I have your letter which is headed 'At sea'. You are wrong, this time, very wrong. To begin with, there is nothing postive in your letter. You wife is not coming, or she is coming in three months, three years, whatever. As for kicking the bucket, I know you too well. And so you are going - while you wait for your wife and for death - to struggle, to wander about, and to bore people. What! don't you realize that our anger was false, on both sides? But you will be in the wrong at the end, because, even after i called you back, you persisted in your unreal feelings. Do you think that your life will be happier with other people than it was with me? think about it! Oh! surely not!

It is only with me that you can be free, and since I swear to be very nice to you in the future, and deplore the whole part of my part in the wrong, and since my head is clear, at last, and I like you very much, if you don't want to come back, or for me to join you, you are committing a crime, and you will do penance for it for LONG YEARS TO COME, by losing all your freedom, and by sufferings more terrible perhaps than you have undergone.

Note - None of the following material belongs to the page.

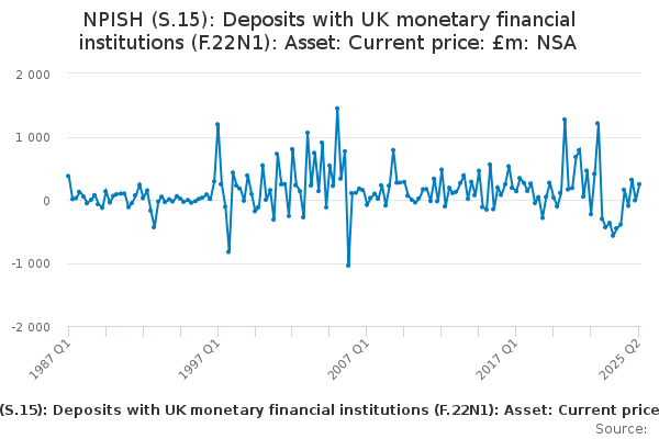 Download this time seriesNPISH (S.15): Deposits with UK monetary financial institutions (F.22N1): Asset: Current price: £m: NSA
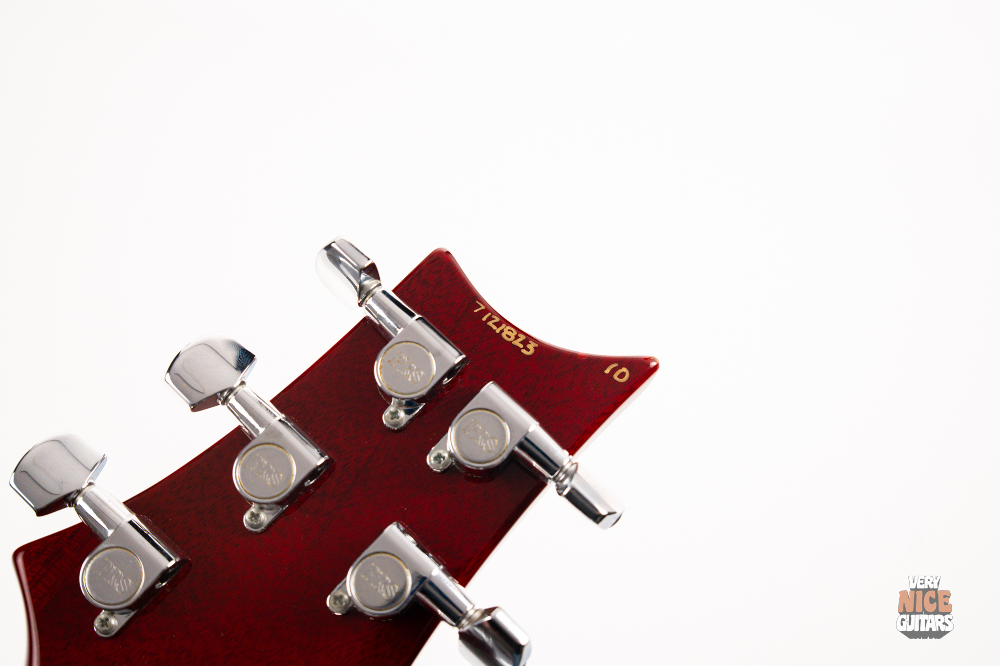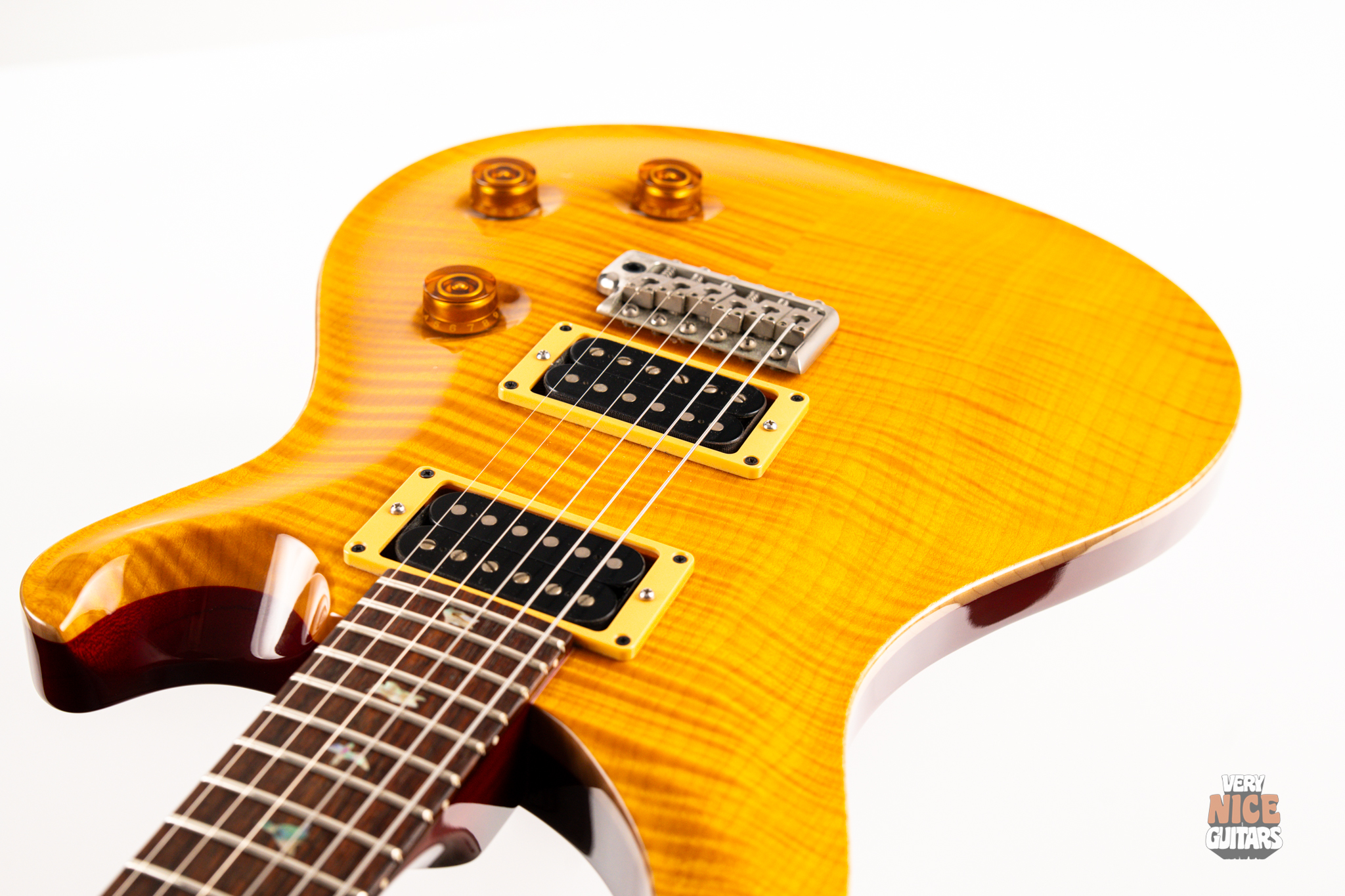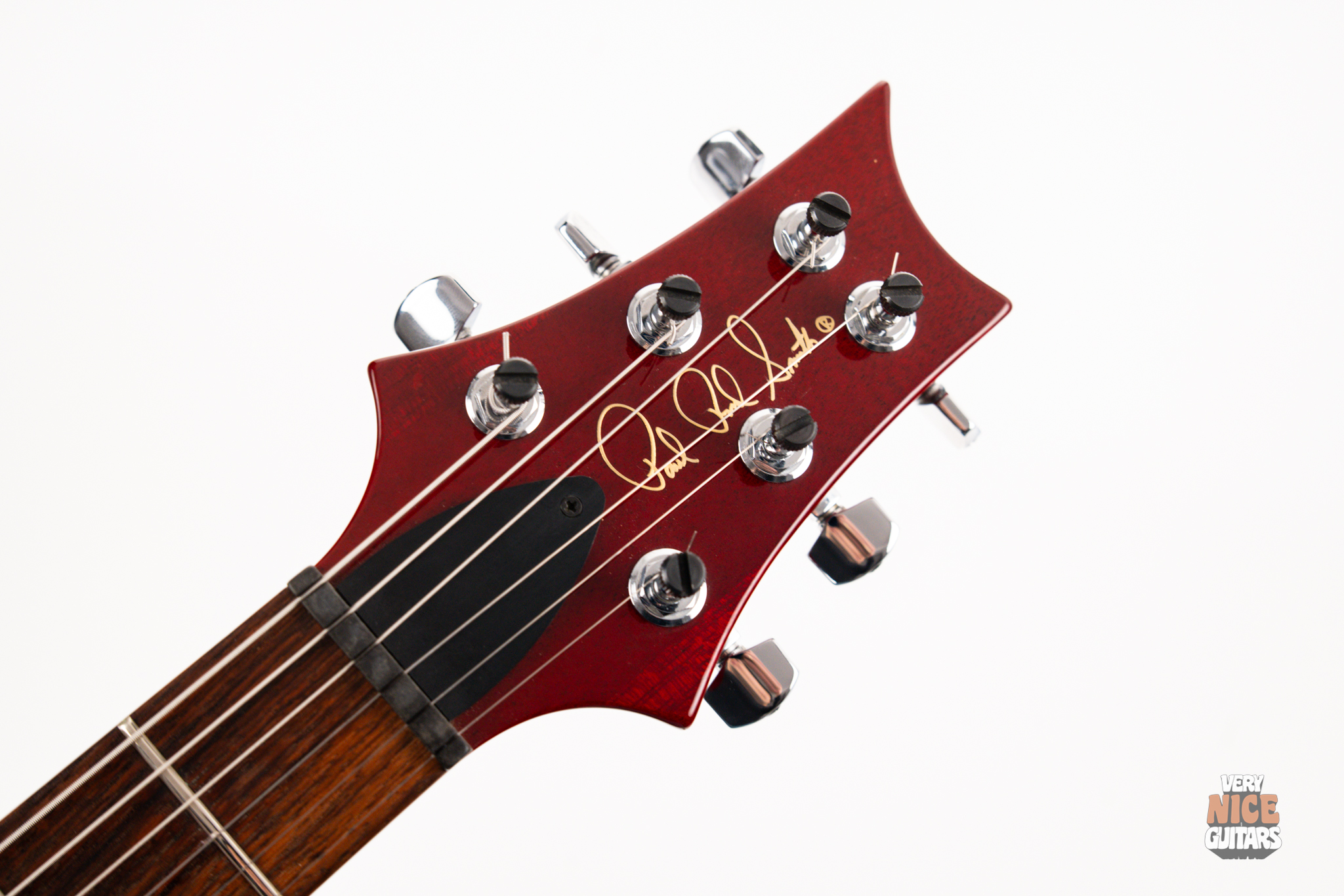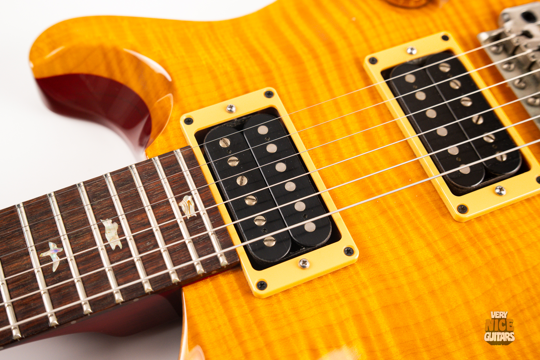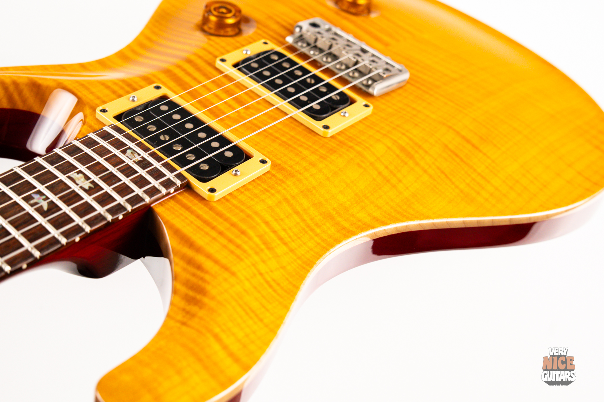 PRS guitars are well known for their build quality, superb materials (especially tops) and presence on stages all around the world. This Custom 24 features a mahogany body and neck, a controversial rotary switch, a very comfortable “Wide Thin” neck and a “10 Top” figured maple top. The top is a distinct feature here – you can see the maple grain going horizontally and vertically – please check out our photos!

When you read this, think of what you were before you knew me!

For myself, I'm not going back to my mother's. I am going to Paris.

I shall try to be gone by Monday evening. You will have compelled me to sell all your suits, I can't do anything else. They aren't sold yet: they are not coming to get them from me until Monday evening. If you want to write me in Paris, send letters to L. Forain, 289 rue Saint-Jacques (for A. Rimbaud). He will know my address.

One thing is certain: if your wife comes back, I shall never compromise you by writing to you - I shall never write.

One single true word: it is, come back. I want to be with you, I love you. If you listen to this, you will prove your courage and sincerity.

Otherwise, I'm sorry for you.

But I love you, I kiss you and we'll see each other again.

RIMBAUD

8 Great Colle, etc... until Monday evening - or Tuesday midday, if you send me word.